しかし、就任式演説中には価格が乱高下。最終的に暗号資産に関する具体的な発言がなかったことがデリバティブ市場を中心に失望売りを誘い、暗号資産市場全体が急落する結果となった。また、演説中にはポリゴン上のDeFi「ポリマーケット」で、「100日以内にビットコイン戦略準備構想が策定されるか否か」を賭けた市場が注目を集め、トランプ大統領がオイルの戦略的備蓄政策について言及する場面で短期的に急騰するなど、演説中の一言一句に敏感に反応する市場動向が見られた。

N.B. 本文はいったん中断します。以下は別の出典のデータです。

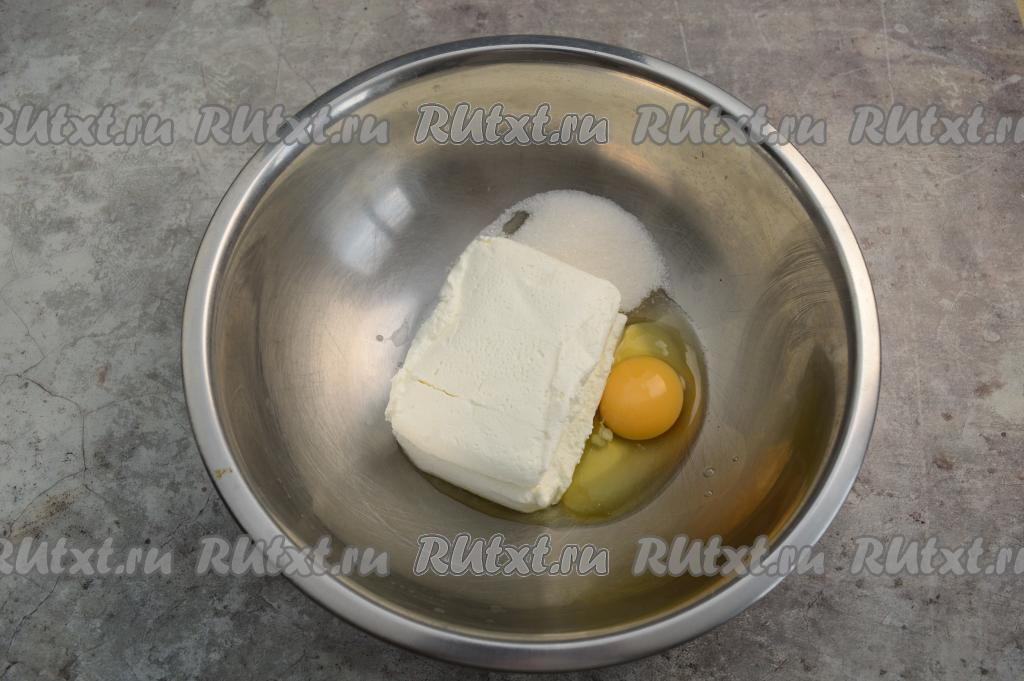 В глубокую миску выложить обезжиренный творог, сахар и сырое яйцо.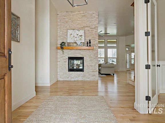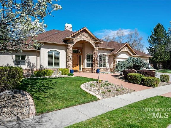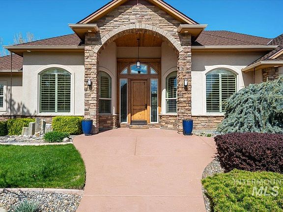 Welcome home to this exceptional custom-built waterfront home in Eagle's exclusive River's End neighborhood. This well cared home has 4 bedrooms, 3.5 baths, office, 3 car garage. The welcoming two-sided fireplace greets you as you enter this meticulously kept home. Gourmet kitchen w/center island, built in oven & microwave, gas oven/range, wine fridge, ample cabinetry, corner pantry and tons of granite counter top space make this a perfect place for all to gather. Great room with built in entertainment center and shutters on windows. Main level master suite with spacious closet, his & hers vanities with make up vanity, soaker tub and tile shower. Bedrooms 2 & 3 with jack and jill bathroom. Upstairs 4th bedroom w/ en-suite bathroom could be used as a bonus room. Impressive backyard with 2 large covered patios, stone gas fireplace and outdoor built in grill. Close proximity to the Rivers End community pool, greenbelt, downtown Eagle, shopping, restaurants, and many amenities. Move in ready!!!

また、デリバティブ市場のアクティブOIは、大統領就任式後にファンディングレートがニュートラルに近い状態になり(下画像赤矢印)、デリバティブ市場を起因とするボラティリティの上昇は起きにくい状態になりつつある。
現状分析(1/21日AM7時)
当面の市場動向は、米国金利政策の状況およびトランプ大統領の政策発表内容に大きく左右される可能性が高い。トランプ次期米大統領の一族が運営するトランプ・オーガニゼーションの関連会社がミームコインを発行するなど、暗号資産市場に影響を及ぼしており、今後の動向に注目が必要と考えられる。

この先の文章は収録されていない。